ASTM E928-2019 pdf free download.Standard Test Method for Purity by Differential Scanning Calorimetry
1. Scope
1.1 This test method describes the determination ofpurity of materials greater than 98.5 mole percent purity using differen- tial scanning calorimetry and the van’t Hoff equation. 1.2 This test method is applicable to thermally stable compounds with well-defined melting temperatures. 1.3 Determination of purity by this test method is only applicable when the impurity dissolves in the melt and is insoluble in the crystal. 1.4 The values stated in SI units are to be regarded as standard. No other units of measurement are included in this standard. 1.5 This standard does not purport to address all of the safety concerns, if any, associated with its use.

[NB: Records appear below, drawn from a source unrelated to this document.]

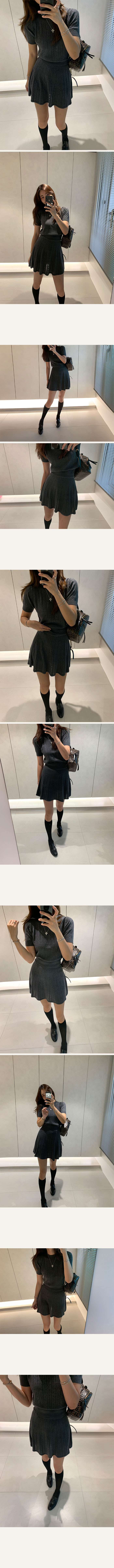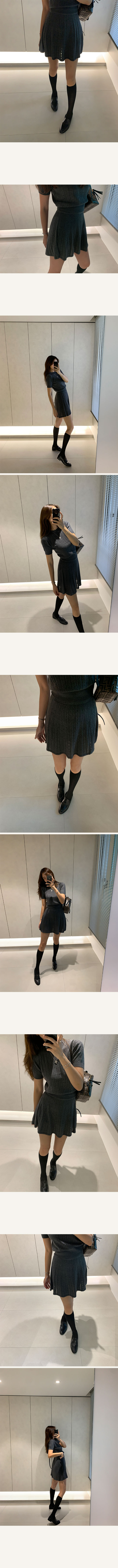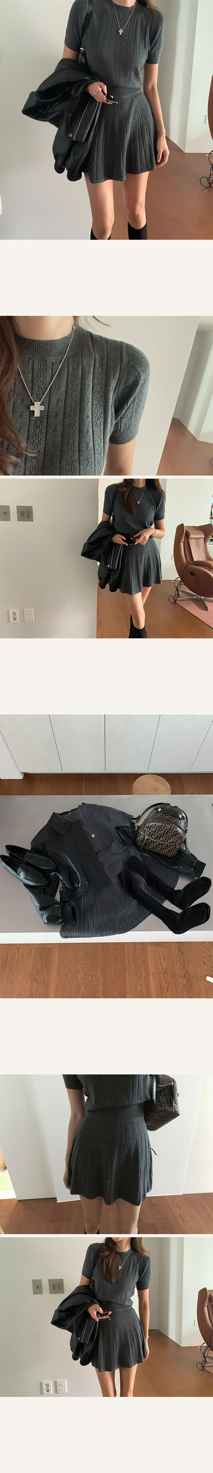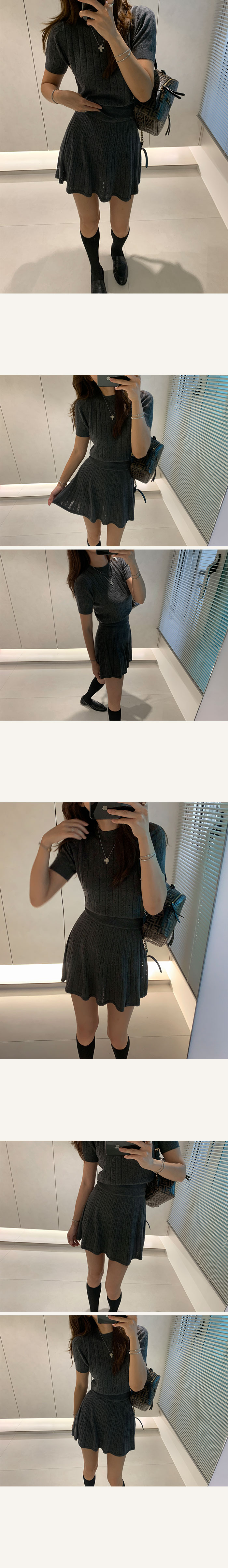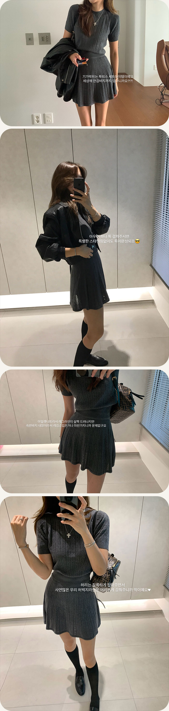 상의는 라운드넥의 반팔 니트, 하의는 미니기장의 플레어핏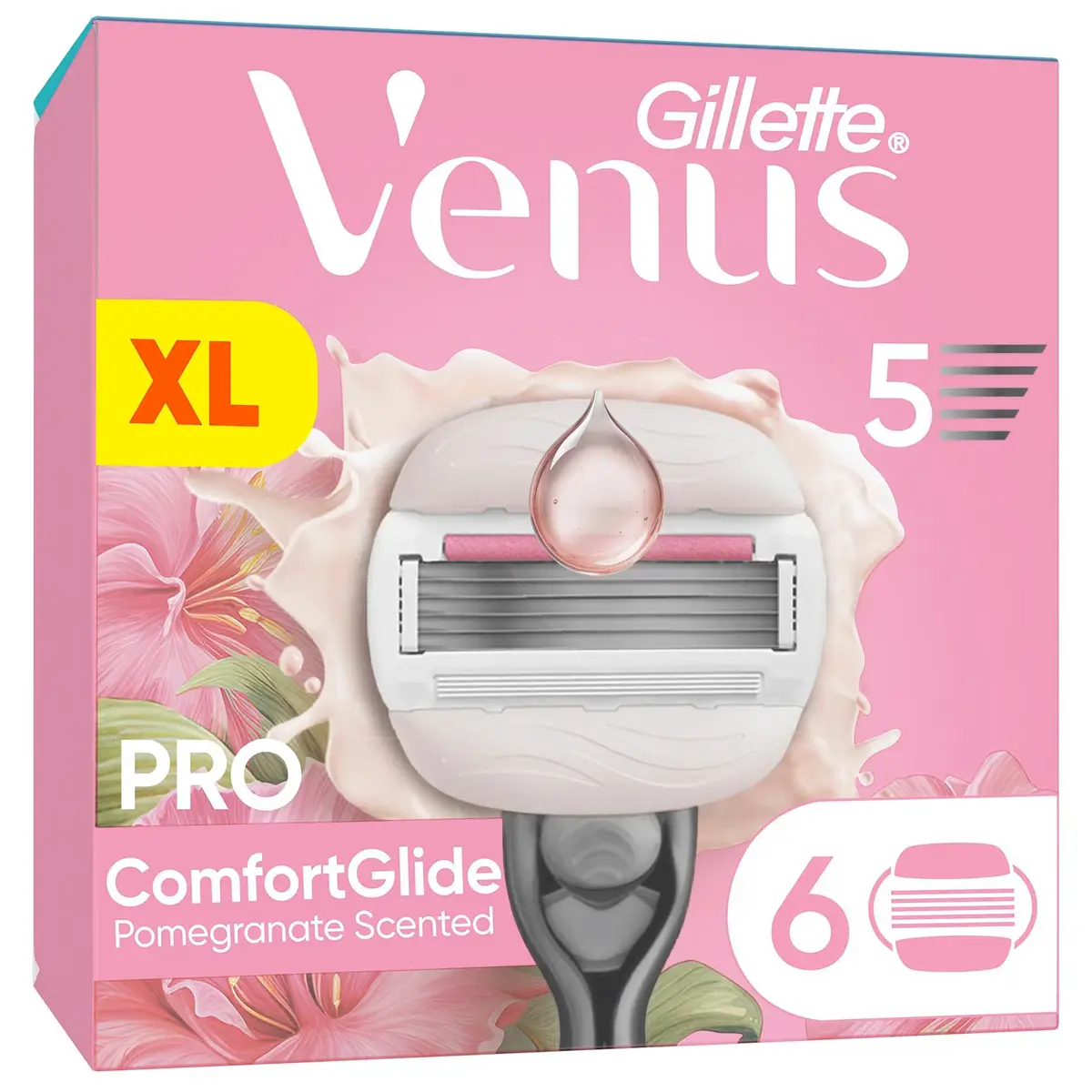 Gillette Venus Pro ComfortGlide 6x scheermesjes met 5 bladen, hydraterende strip & granaatappelgeur. Voor een gladde, zachte huid – zelfs bij gevoeligheid.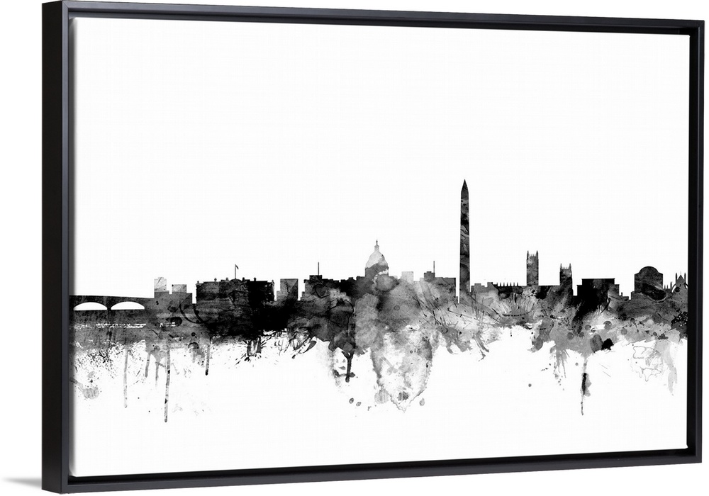 <p>Contemporary artwork of the Washington DC city skyline in black watercolor paint splashes.</p>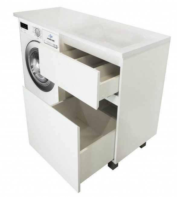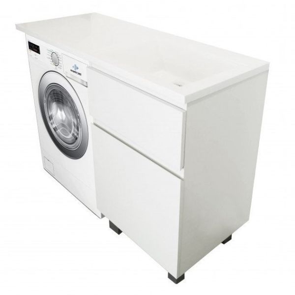 Коллекция мебели для ванной комнаты Dallas Luxe покоряет своей удивительной простой и функциональностью. Стильная лаконичная тумба, укомплектована раковиной из литьевого мрамора с удобной чашей. Стиральная машина устанавливается под столешницей, за счет чего экономит место в ванной комнате. В тумбе имеются два ящика. Нижний ящик тумбы – широкий и вместительный – предназначен для крупных предметов, а в верхнем имеется специальная организация пространства, позволяющая хранить мелкие вещи.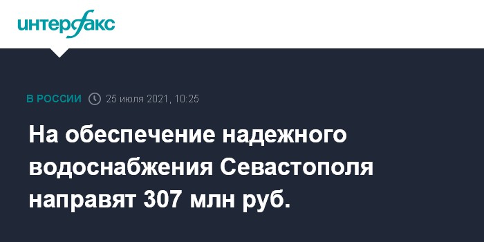 Москва. 25 июля. INTERFAX.RU - На обеспечение стабильного водоснабжения Севастополя будет направлено дополнительно 307,3 млн рублей.

It is the responsibility of the user of this standard to establish appro- priate safety, health, and environmental practices and deter- mine the applicability ofregulatory limitations prior to use. 1.6 This international standard was developed in accor- dance with internationally recognized principles on standard- ization established in the Decision on Principles for the Development of International Standards, Guides and Recom- mendations issued by the World Trade Organization Technical Barriers to Trade (TBT) Committee.
6. Interferences
6.1 This test method is nonspecific. Many impurities may cause the melting temperature broadening. Thus, it is not useful in identifying the nature of the impurity or impurities but only the total mol percent of impurity present. 6.2 The van’t Hoff theory assumes the following: 6.2.1 The impurities dissolve in the melt of the major constituent forming a solution approximately described by ideal solution theory; 6.2.2 The solubility of the impurity in the solid of the major constituent is negligible; and 6.2.3 The major constituent displays a single well-defined melting endotherm in the temperature range of interest. Micro- scopic investigations of the melt and the solid may help to establish whether or not solid or liquid solutions have been formed. 6.2.4 The solute and solvent are close in molecular size. 6.3 In some cases the sample may react with air during the temperature cycle, causing an incorrect transition to be mea- sured. Where it has been shown that this effect is present, provision shall be made for sealing the specimen and running the test under an inert gas blanket. Since some materials degrade near the melting region, carefully distinguish between degradation and transition. See Appendix X1. 6.4 Since milligram quantities of sample are used, ensure that samples are homogeneous and representative. 6.5 Sublimation or decomposition will lead to a different heat consumption and, perhaps, a change in composition of the specimen. The specimen holder should be examined after the measurement for crystals not part of the resolidified melt.
7. Apparatus
7.1 The essential equipment required to provide the mini- mum instrument capability for this test method includes: 7.1.1 Differential Scanning Calorimeter (DSC), consisting of: DSC Test Chamber, composed of a furnace(s) to provide uniform controlled heating of a specimen and refer- ence to a constant temperature or at a constant rate within the applicable temperature range ofthis test method; a temperature sensor to provide an indication of the specimen temperature readable to 60.1 K; a differential sensor to detect a heat flow difference between the specimen and reference equivalent to 10 µW; and a means of sustaining a test chamber environment of N 2 at a purge rate of 15 mL/min to 50 mL/min 6 5 mL/min. Temperature Controller, capable of executing a spe- cific temperature program by operating the furnace(s) between selected temperature limits at a rate of temperature change of 0.3 K/min to 0.7 K/min constant to 60.01 K/min. Data Collection Device, to provide a means of acquiring, storing, and displaying measured or calculated signals, or both. The minimum output signals required for DSC are heat flow, temperature, and time. 7.1.2 Containers, that are inert to the specimen, and that are ofsuitable structural shape and integrity for use in the DSC test chamber, made of materials of high thermal conductivity, such as aluminum.